Of course, conditions are hard. People have to sleep on pavements and under bridges, covering themselves with cardboard or old blankets. Some have even managed to put tents up on the grass. But no-one complains.
In the morning, I went around neighboring streets trying to find something for breakfast, all I found was a bun and some yoghurt. On the square, there is food although it is pretty basic. Although I did not ask anyone for anything, one of the protesters pushed a bread wrap with cheese into my hand. There is other food available – yogurt, liver sandwiches – and water.

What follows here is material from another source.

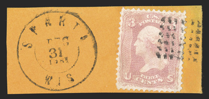 89 p 64 Image#64, 3c Pink, tied to piece by unusual and scarce fancy grid of dots (S-E #SD-G95), with full matching Sparta, Wis. c.d.s. alongside, stamp is exceptionally well centered and with bright Pink color, extremely fine; 2009 PF certificate. (Image) $1,000.00+
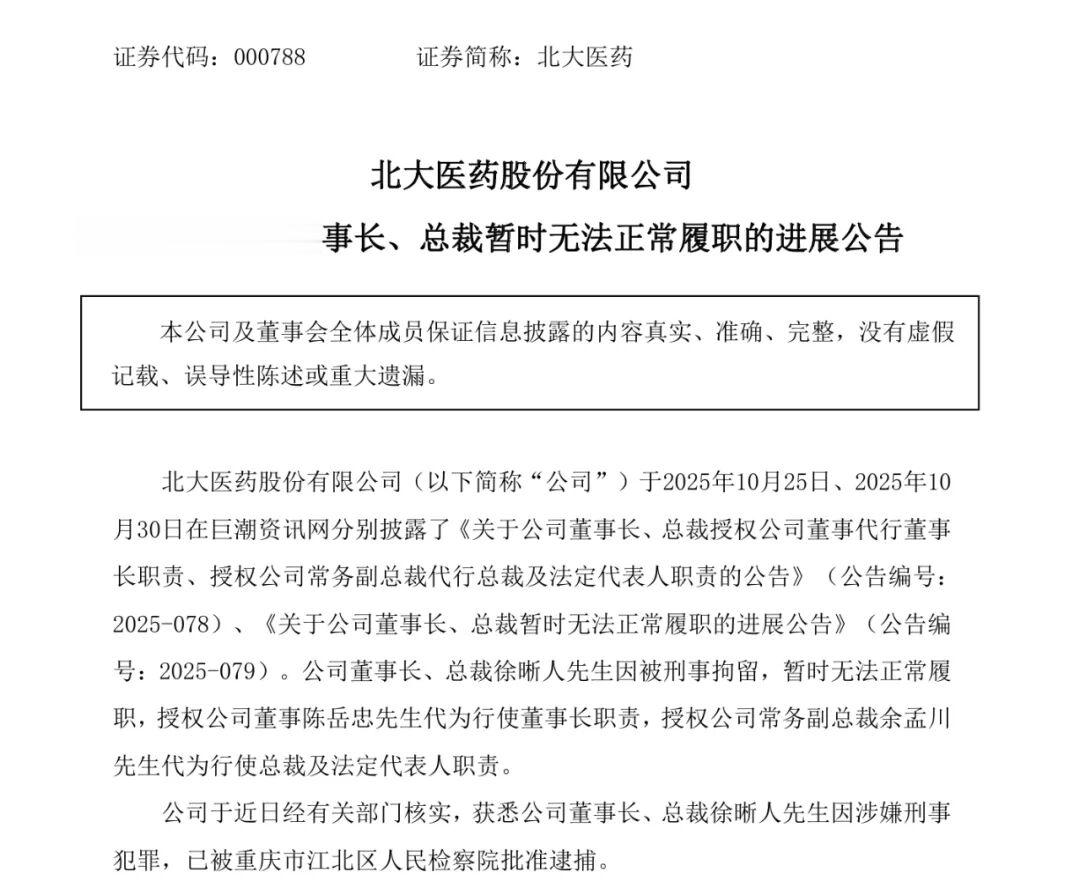 2025年11月12日,北大医药(000788.SZ)发布公告称,公司董事长、总裁徐晰人因涉嫌刑事犯罪,已被重庆市江北区人民检察院批准逮捕。

There is nothing surprising here. A pro-government newspaper claimed that representatives of Hamas were in the square, that a prison had been stormed by Hezbollah and that the entire revolt against Mubarak’s rule is financed by the US! In the square, people read these papers to lift their spirits (to make their ‘blood pump with anger’ – in Egyptian slang). Of course, these ideas get a hearing amongst those who cannot believe that the masses are capable of such protests.
(This is a picture of Egyptian Christians (kopts) protecting muslims while they pray)
In general, the role of the media and communications in the movement is huge. The official media is always on the attack, accusing the uprising of causing inflation, of creating food shortages and so on. Some people succumb to this propaganda, demanding that the protesters call off the protest. But the people on the square are not taken in. They know from their own experience. They do not buy the promises that are being made by the regime and they are prepared to overcome any difficulties.
Today, Friday, the uprising is steeling itself for the ‘Day of Departure’. People are confident that after the big street clashes this week, when they succeeded in defending “Liberation Square”, today the whole country will rise up to strike a decisive blow for the liberation of the country.
However, if these sentiments are to be realized, the mass demonstrations need to go onto the offensive. A firm and decisive appeal needs to be made to the rank and file soldiers to join the uprising. The soldiers’ grievances about low pay, bad conditions and treatment by their senior officers can be taken up and resolved under a new regime.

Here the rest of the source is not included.